One of the services we offer at Samuchit Enviro Tech is to provide solutions to deal with organic waste at household level. People are often surprised that we do not offer composting in our range of solutions. The two solutions that we offer are: Garden waste to charcoal and Kitchen waste to biogas (http://www.samuchit.com/waste-disposal-technologies). Both the solutions are focused on converting organic waste into energy, although charcoal can be used in a variety of other ways too. We are now working on adding another solution to this - using kitchen waste as non-composted green manure for the kitchen/terrace garden.

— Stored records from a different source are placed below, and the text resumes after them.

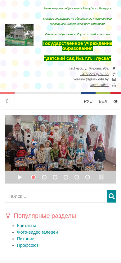 | Адрес | Глусского райисполкома, Государственное учреждение образования, "Детский сад №1 г.п. Глуска", г.п.Глуск, ул. Кирова, 96а |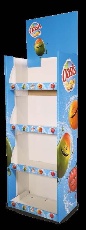 Das Palettendisplay ist ein praktisches Display für die Präsentation Ihrer Produkte. Das Besondere an diesem Display ist, dass es aus Pappe efertigt ist und ein hohes Gewicht tragen kann, bis zu 15 kg pro Tray. Die Höhe der Trays kann durch Verschieben der Röhren angepasst werden.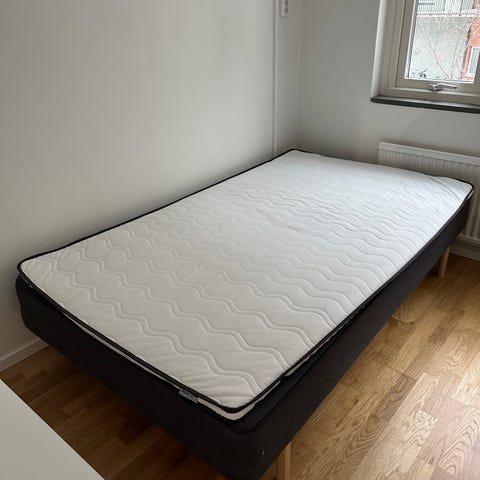 Säljer min gamla sänggavel, 120 cm bred, synligt använd med lite missfärgning, syns på första två bilderna, tredje bilden visar på hur färgen är i verkligheten.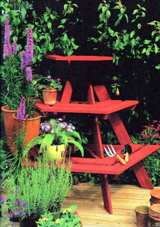 Этажерка для цветов- это прекрасная возможность украсить любой уголок на вашей даче. Ее можно перенести в дом, в сад, в зону отдыха. Идеально иметь на даче несколько таких этажерок одинаковых или разных по размеру. На этажерке вы можете менять цветной рисунок хоть каждую неделю. Этажерки можно переставлять в зону отдыха, если ждете гостей, затем разнести их по саду или поставить у входной зоны или ворот.Строительство этажерки займет немного времени. Чтобы изготовить этажерку под цветы высотой 1,1 метра и шириной 1,5 метра нам потребуется: - 7 штук 3-х метровых сосновых досок, размерами 100 х 20 мм; - 6 штук 2-х метровых досок, размерами 50 х 30 мм (опоры полок); -оцинкованные шурупы 100 х 38 мм и 50 х 50 мм. Внимательно изучите наш рисунок и выпишите все размеры деталей, пронумеровав их- ЭТАЖЕРКА ДЛЯ ЦВЕТОВ Будьте с нами и мы познакомим вас с нашими поделками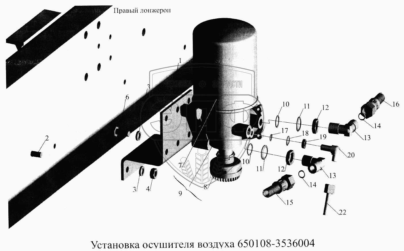 Каталог запасных частей к технике: МАЗ-5516А5. Установка осушителя воздуха 650108-3536004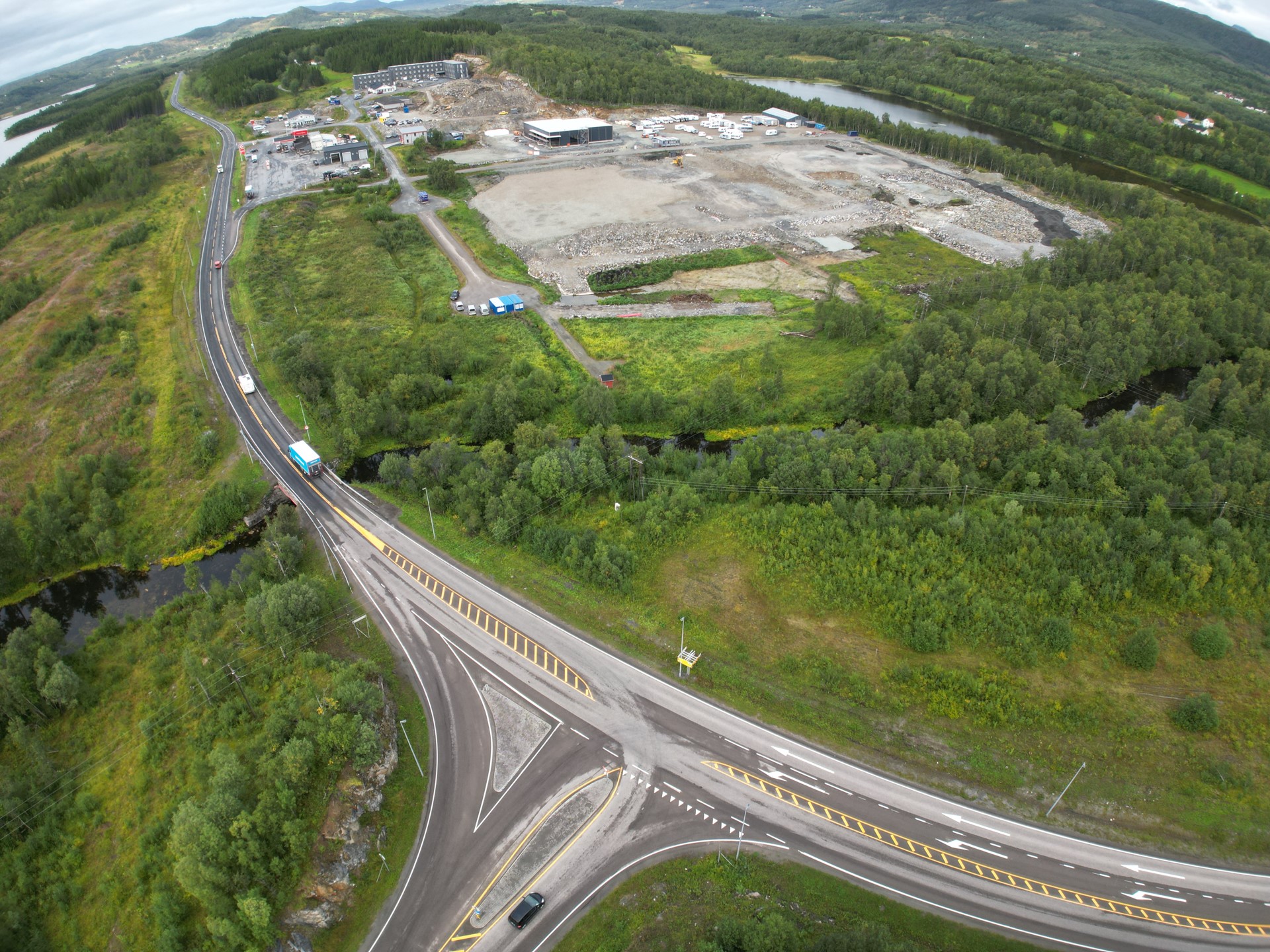 - Arm av E10 mot flyplassen består av 2 rundkjøringer og en veg på ca. 550 m.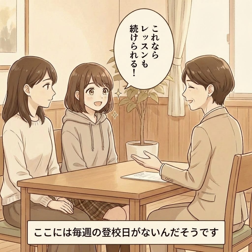 先生から「ここでは『しなくて良いこと』を大切にしているんだよ」という話を聞き、主人公は確信します。「ここなら、レッスンを続けられる!」 。
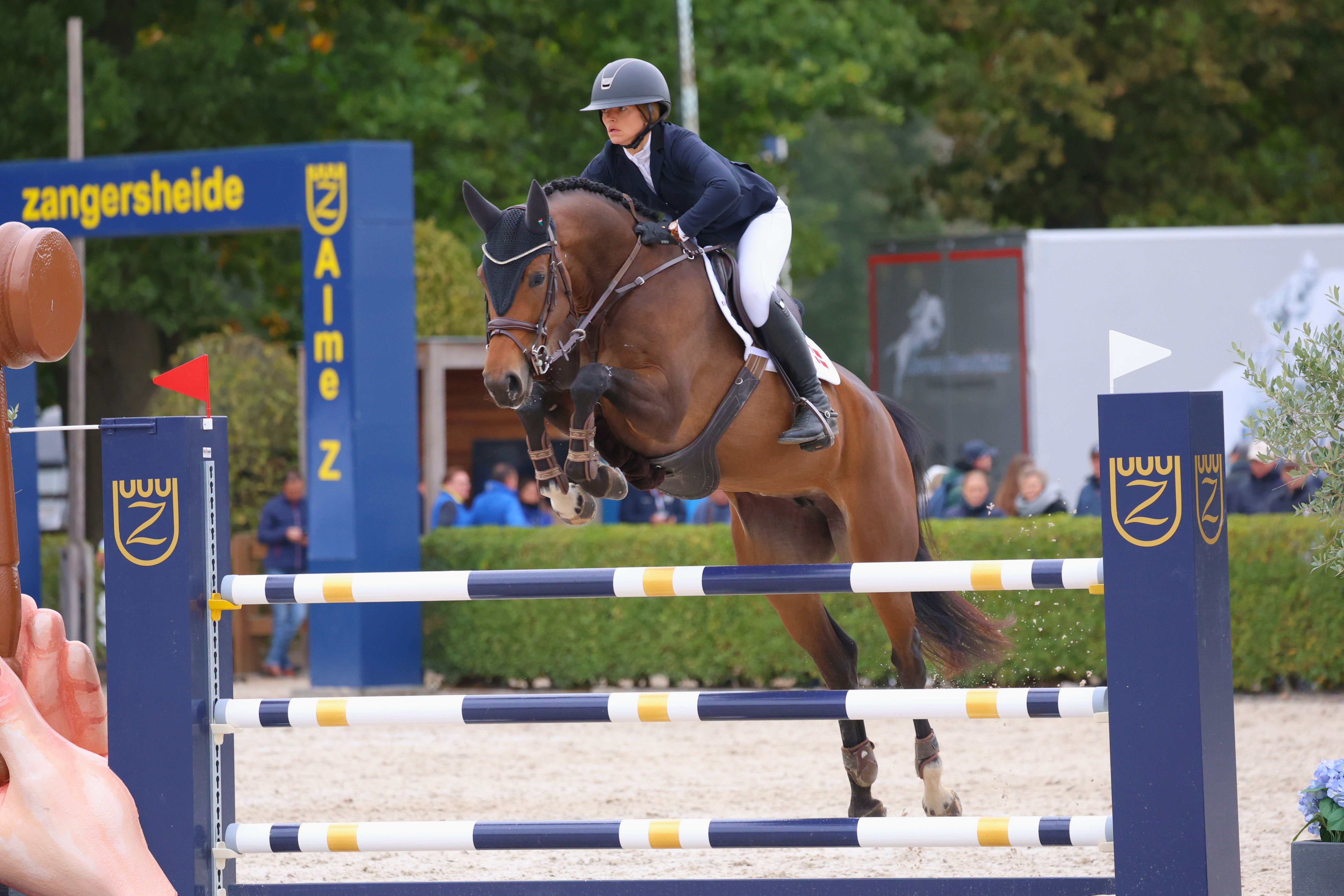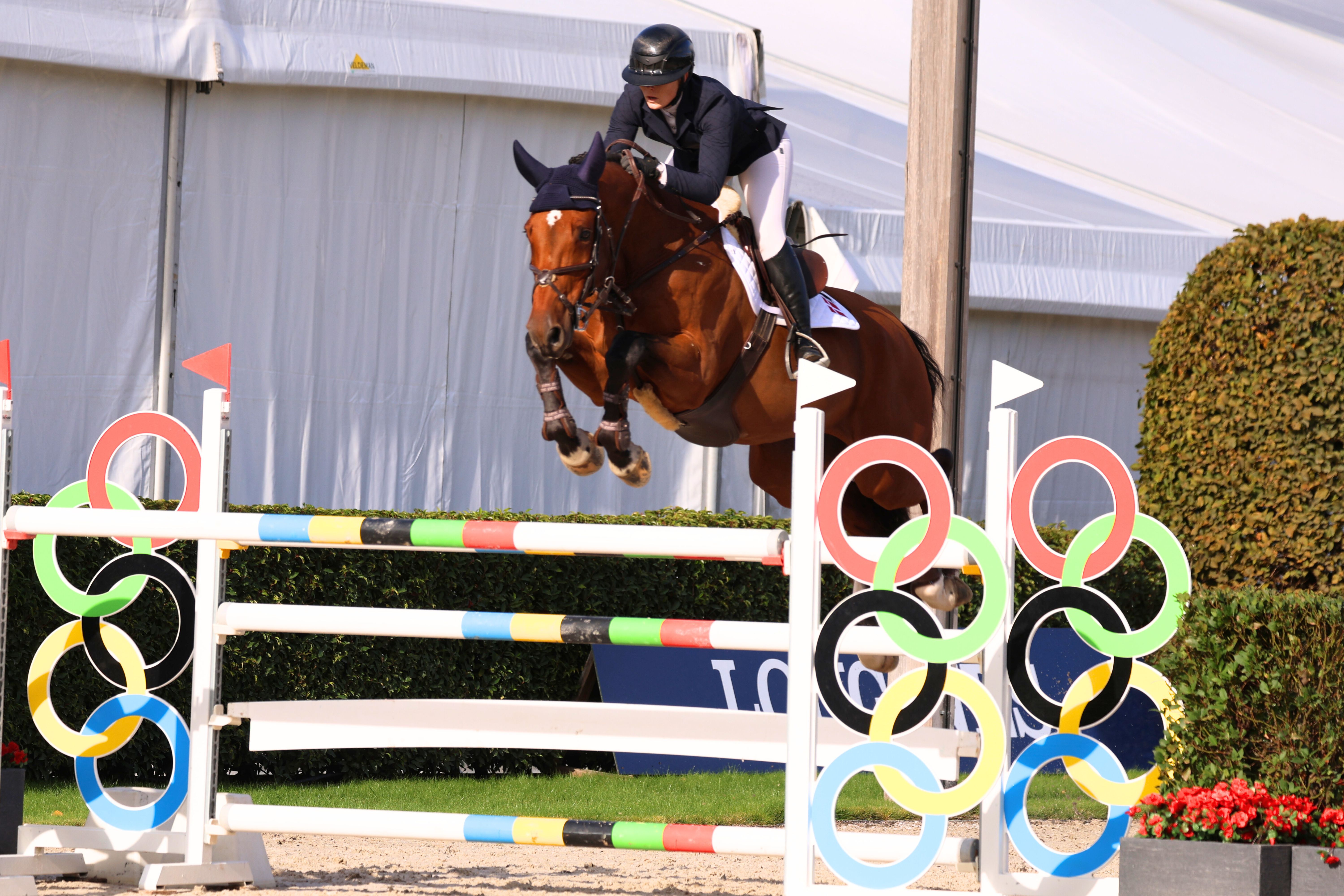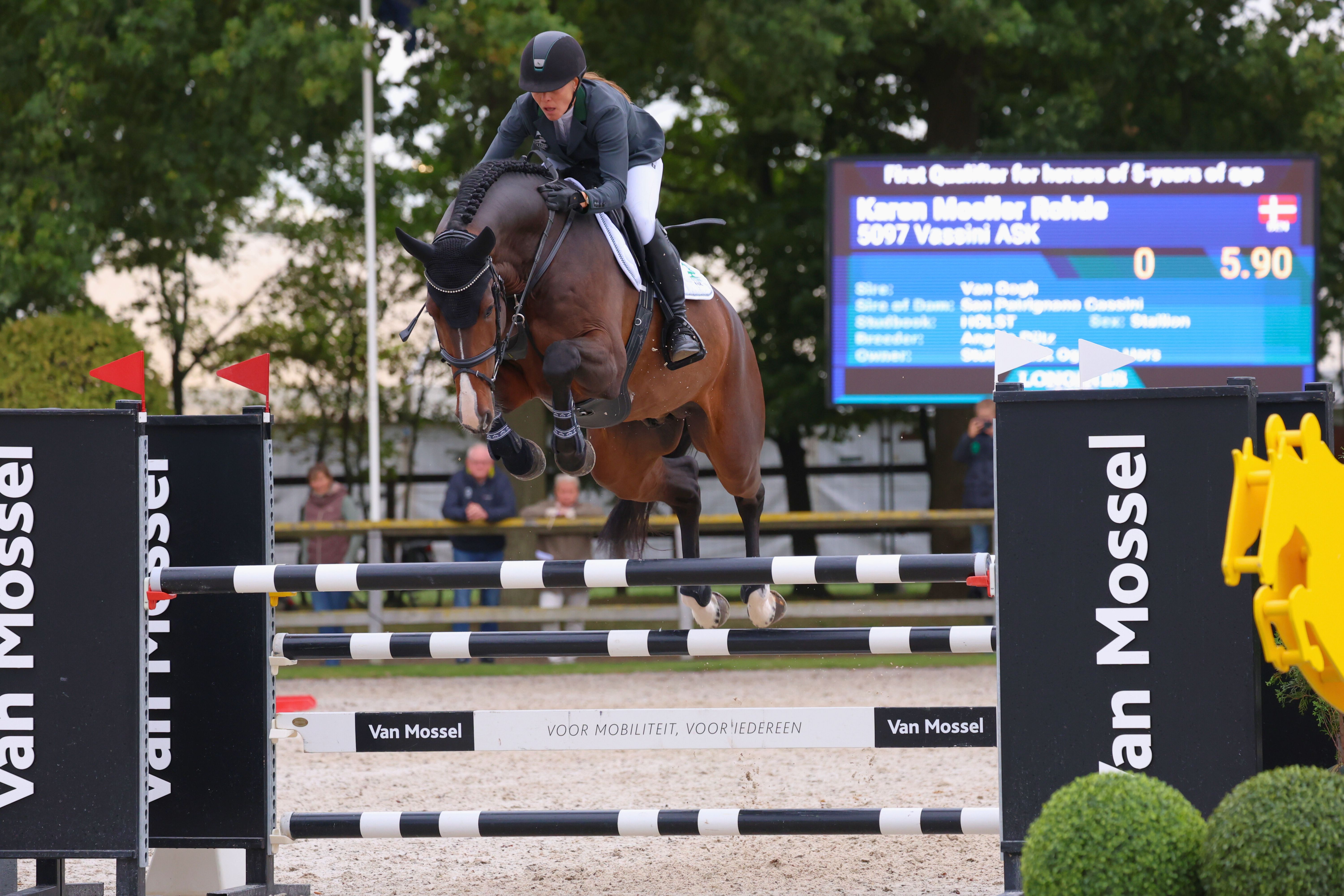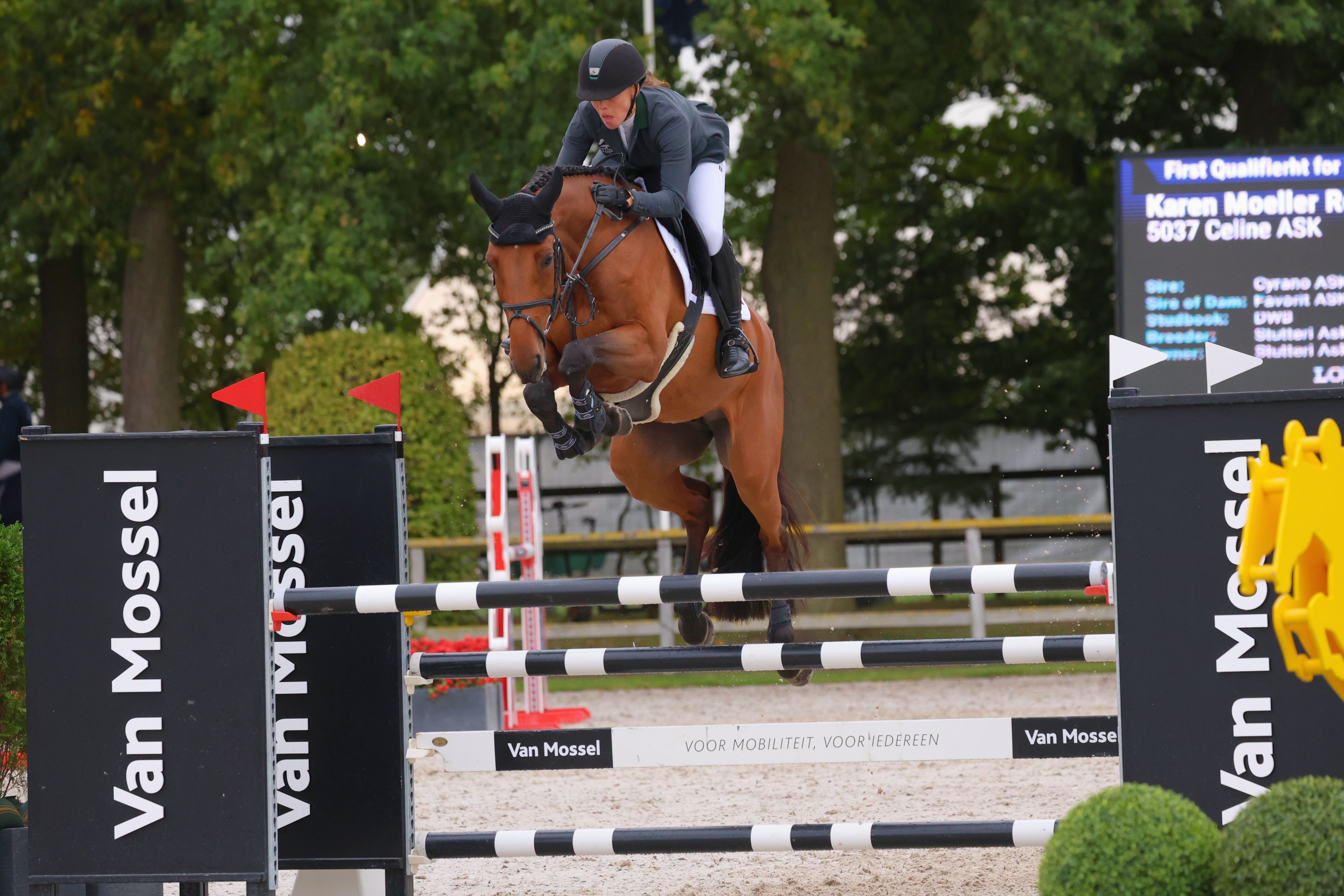 | HARMILLY D 208333DW1900168 Rytter: Maria Hjorth Frederiksen 1. kval. 4 fejl 2. kval. 0 fejl Ejer: Liselotte Frederiksen Opdrætter: Liselotte Frederiksen F: HARLEY VDL M: DUBLÉ RDH MF: DIAMANT DE SEMILLY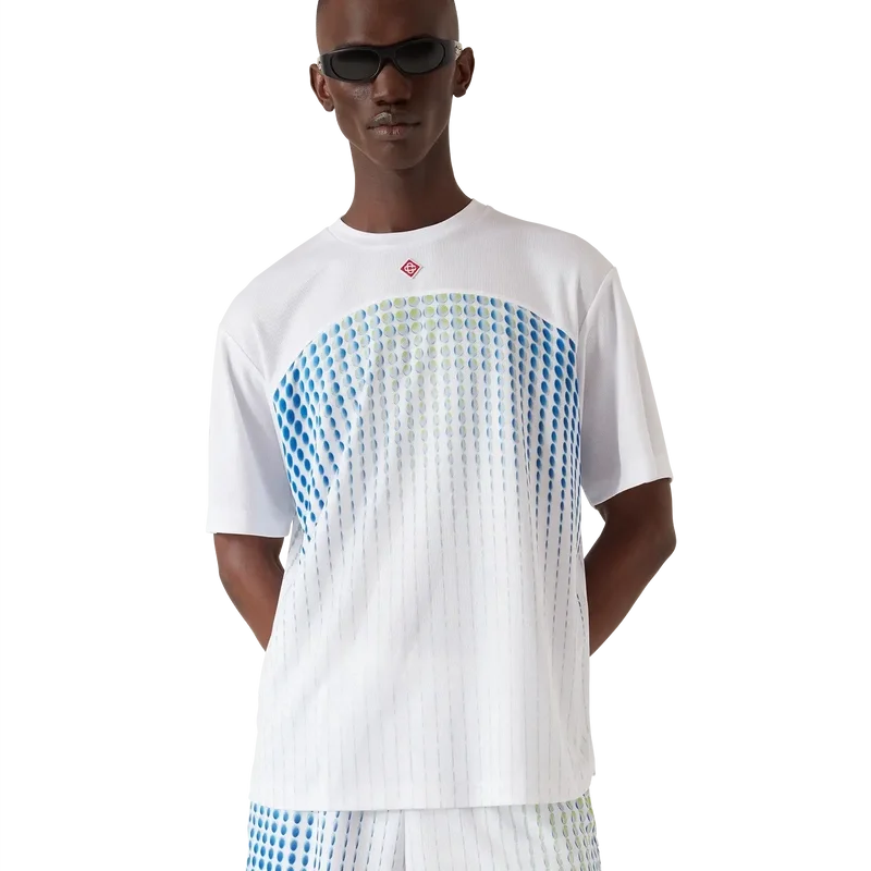 Das Tennis Tech Kurzarm-T-Shirt ist ein bedrucktes Design aus schwerem Birdseye-Mesh mit einem Schulterpanel. Abgerundet durch einen Rundhalsausschnitt und eine lockere Silhouette.

Why have we taken a path different from what most people recommend for in house organic waste management? That is because we do not think of the organic matter as waste - something to be 'dealt' with in whatever way that is most economical, and be grateful for what little benefit it delivers as a bonus. We think of the organic matter as a resource, and have focused on getting the maximum benefit out of it for the user. Organic 'waste' is a typical urban problem - in rural areas, the organic 'waste' of humans becomes the resource for other animals and creatures, who live in close proximity of the humans. So, if it is urban families that are generating the organic 'waste', the output of the 'waste management' process should be something that is useful to them directly. We believe that energy is a more universal need for urban families than fertilizer. The evidence can be seen from the fact that there are many housing complexes that are composting but struggling to sell the extra compost after utilising whatever they need for their own gardens.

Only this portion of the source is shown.